Systematically visiting nodes and edges in a graph to explore relationships.
Graph traversal is the process of systematically visiting every node and edge in a graph data structure, following connections to explore, search, or analyze the relationships between entities. The two foundational strategies are Depth-First Search (DFS), which explores as far as possible along each branch before backtracking, and Breadth-First Search (BFS), which visits all neighbors of a node before moving deeper. Both approaches differ in memory usage, time complexity, and suitability depending on the structure of the graph and the task at hand.

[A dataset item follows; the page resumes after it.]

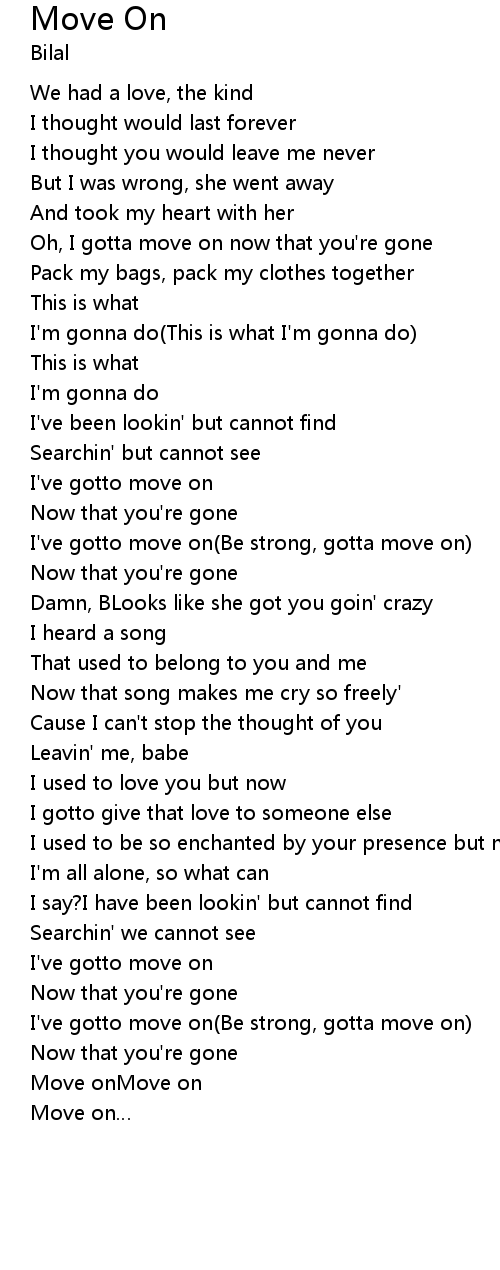 | Oh, I gotta move on now that you're gone | |

In machine learning and AI, graph traversal underpins a wide range of applications. Knowledge graphs rely on traversal to answer queries and infer new relationships between entities. Recommendation systems use it to propagate signals across user-item interaction graphs. Reinforcement learning agents performing tree search—such as Monte Carlo Tree Search—depend on structured traversal to evaluate possible future states. Graph Neural Networks (GNNs) also incorporate traversal-like message-passing mechanisms, aggregating information from neighboring nodes across multiple hops to build rich node representations.
Graph traversal becomes especially important as datasets grow more relational and interconnected. Social network analysis, fraud detection, drug discovery, and supply chain optimization all involve graphs where understanding multi-hop paths and reachability is critical. Efficient traversal algorithms determine whether these analyses are computationally feasible at scale, making algorithmic choices—such as iterative deepening, bidirectional search, or priority-based traversal like Dijkstra's algorithm—highly consequential in practice.

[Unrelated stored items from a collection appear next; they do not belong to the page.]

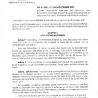 - Loi N°2021-11 du 20 Décembre 2021 portant mesures spéciales de répression des infractions commises à raison du sexe et de protection de la femme en République du Bénin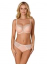 Élégant soutien-gorge semi-doublonné. La partie supérieure du bonnet est en maille, la partie inférieure du bonnet est en tricot à motifs de couleur pêche. Pont en maille, nœud décoratif entre les bonnets. Bretelles réglables, non amovibles. Dos en maille élastique, fermeture auto-agrippante.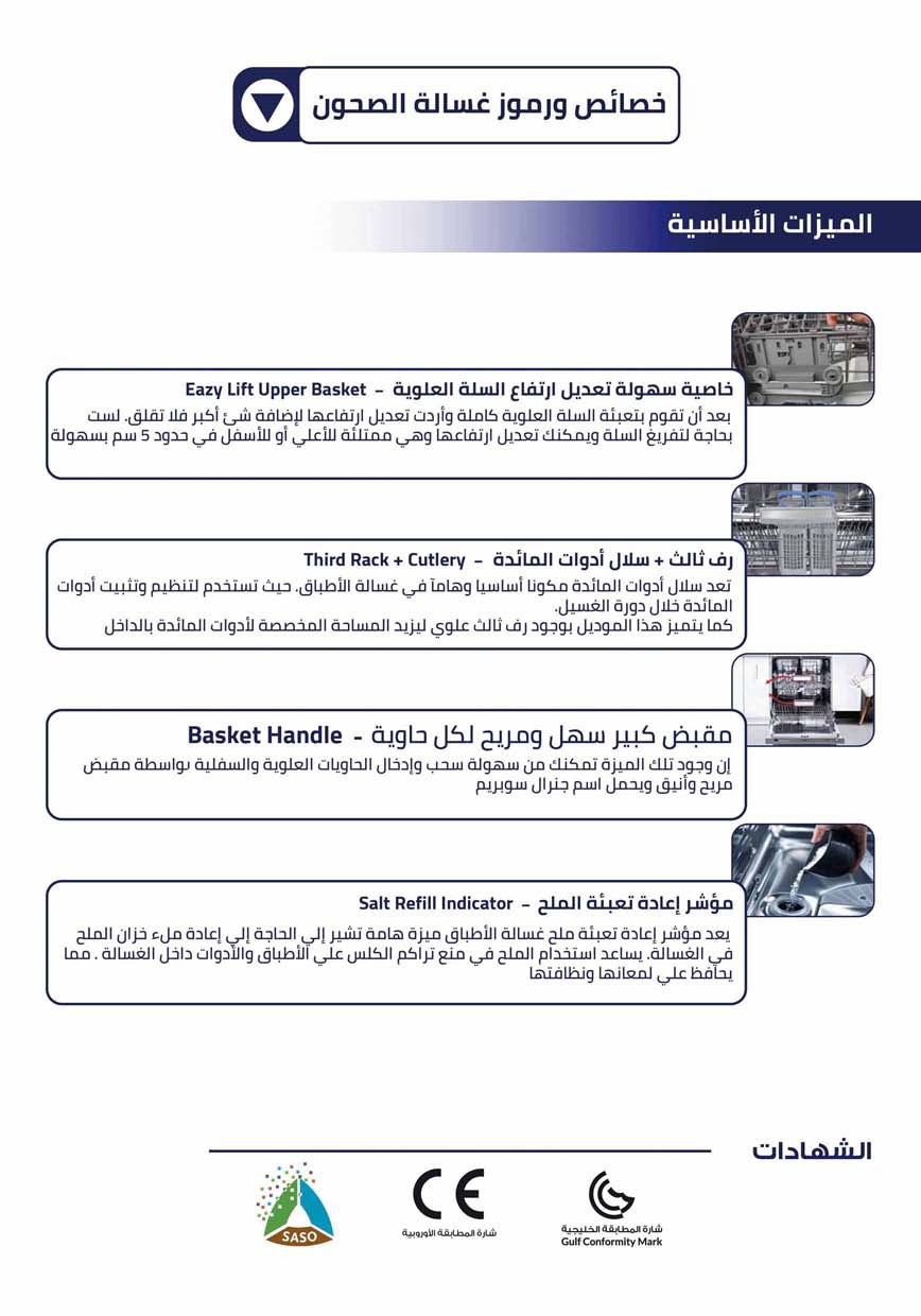 - مؤشر مستوى الملح: لتنبيهك عند الحاجة لإعادة التعبئة.

Beyond search and inference, graph traversal plays a structural role in training pipelines. Mini-batch sampling strategies for GNNs, for instance, use neighborhood sampling—a controlled form of traversal—to construct tractable subgraphs for gradient computation. As graph-based representations become more central to modern AI, from molecular property prediction to code analysis, graph traversal remains a core primitive that connects classical computer science theory to cutting-edge machine learning practice.